East of Eden had put him on the map earlier that year; Giant was in the works. In retrospect, three films doesn't seem much of a basis for what Dean was about to become: the embodiment of a generation's bohemian disaffection with their parents' post-war world. Fact was, however, they didn't come any cooler than Jimmy Dean. They still don't.
You can see that in the clutch of photographs taken of Dean for Life magazine by ambitious young Magnum newcomer Dennis Stock.
It was Stock who took the photograph that would grace millions of teenage bedroom walls in the decades to come, a photograph familiar even to people who don't know who Dean was: Dean with his collar turned up against the wind in wintry Times Square.
It is that photograph that forms a kind of backdrop for Anton Corbijn's new film Life, which traces the brief relationship between Stock and his equally ambitious subject.
Any actor would show due trepidation before agreeing to play James Dean, not just because of his hallowed status but because it would be so easy to slip unawares into mumbling, fidgeting parody.
Dane DeHaan, who is most familiar as Green Goblin in the recent Spider-Manfilms, kept saying no.
"I didn't really think I could do it. Then I had a meeting with Ian Canning, the producer, and he explained to me how for him it wasn't simply a movie about James Dean, it was a movie about how a normal person could be turned into an idol. Which I think is a really interesting topic."
DeHaan felt some kinship with Dean, whom he describes as "a really bull-headed, uncompromising artist, pretty mistrusting of the world around him."
From the start, as Corbijn shows, Dean was at loggerheads with the studio heads; Ben Kingsley does a spectacular turn as studio mogul Jack Warner, telling Dean exactly how much of a rebel he wants him to be.
"I know what that's like, although I have a different take on it," DeHaan says. "I don't let it get to me as much as he does. When I made this film, it was right before the press tour for Spider-Man. There was this looming sense of what was going to happen, in the same way as before East of Eden came out."
Stock was a slick but snitchy character who, having walked out on his wife and a son in whom he felt no interest, was desperate for validation as a photographic artist.
Robert Pattinson, the former Twilight heart-throb who plays Stock, watched taped of interviews of Stock that were recorded when he was in his late 70s.
"He had all these resentments still, all these things he envies James Dean about, all these chips on his shoulder all still very evident," Pattinson says. "In his eyes, someone like James Dean is just living freely and doing whatever he wants, he's the artist he wants to be. It's crazy, but I related to it. He's a kind of tragic figure."

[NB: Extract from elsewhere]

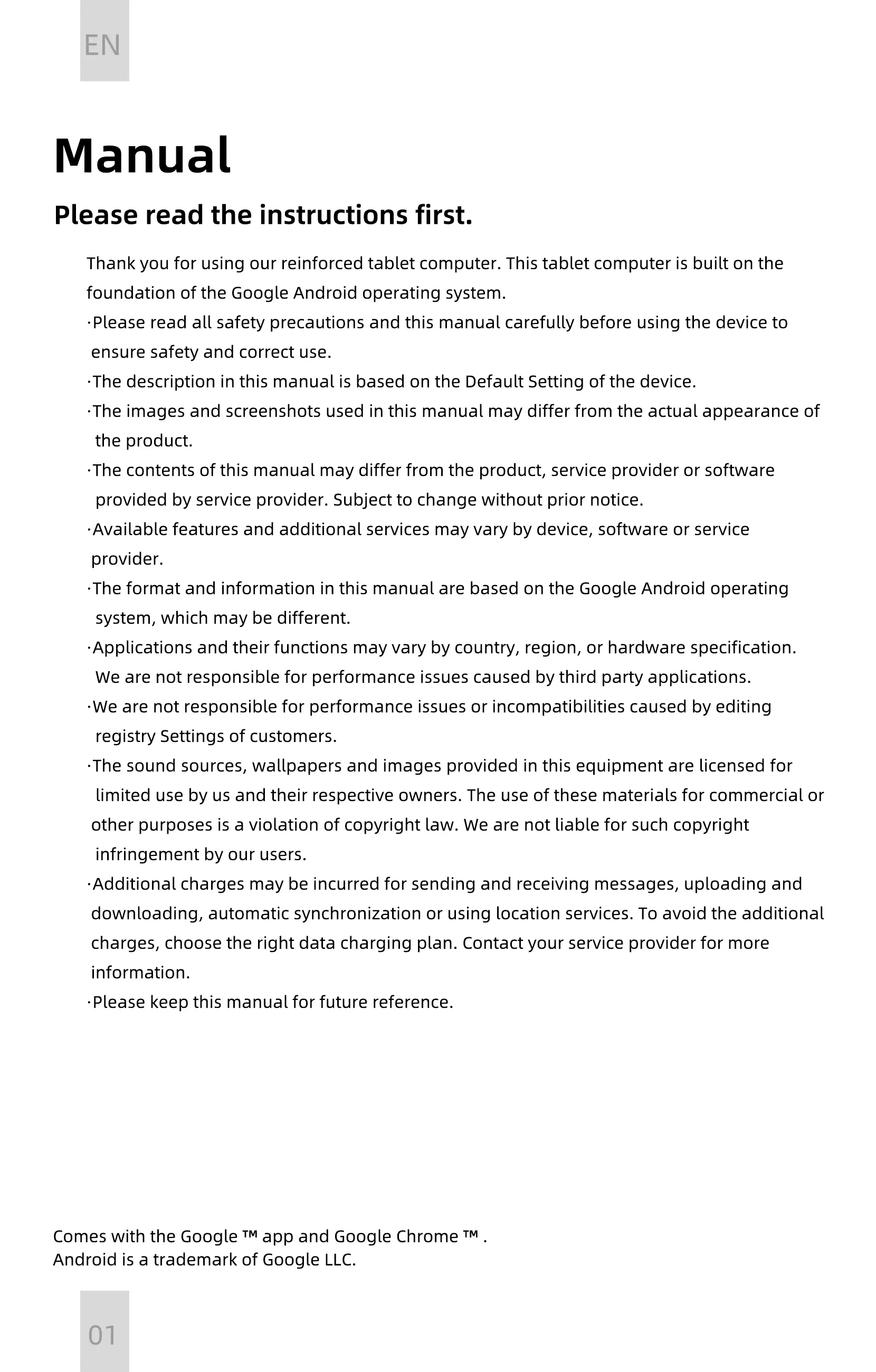 Thank you for using our reinforced tablet computer. This tablet computer is built on the

You might think that if Pattinson related to anyone it would be the heart-throb star, who is portrayed in Australian Luke Davies' script as being only too well aware that his image is being manipulated.
Not at all, Pattinson says: playing Dean didn't interest him. "I don't know if I've had like a James Dean thing. For one thing people were really looking at James Dean like a leader. Young people, both girls and guys, saying, 'Tell us how to live. It looks like you know the secrets!' Well, I don't think anyone has ever looked at me like that."
And, for another thing, Dean had a vision of his future that he knew was being deliberately thwarted.
"In this movie, he is already disillusioned and disappointed," Pattinson says. "Whereas when all that stuff was happening to me, it was kind of exciting and fun because I had no idea what was going on … I felt like there was a door in front of me left open and you could just keep pushing the door with no idea of what was on the other side. I was just curious. I didn't realise until years later that you can't turn any of it off: the door has slammed behind you."
Corbijn is now 60, as old as the Stock pictures; his life overlapped with Dean's by just five months
He was (and is) a hugely influential still photographer of rock musicians before he broke into the film world with his striking biopic of Joy Division's Ian Curtis, Control, in 2007.
For him, he says, the Times Square picture of Jimmy Dean is "like jazz". "It is a symbol of the change in society, the emergence of rock'n'roll and a generation who wanted to own their own time, who wanted a life that was not their parents' lives." It was always, he says, about "more than just James Dean".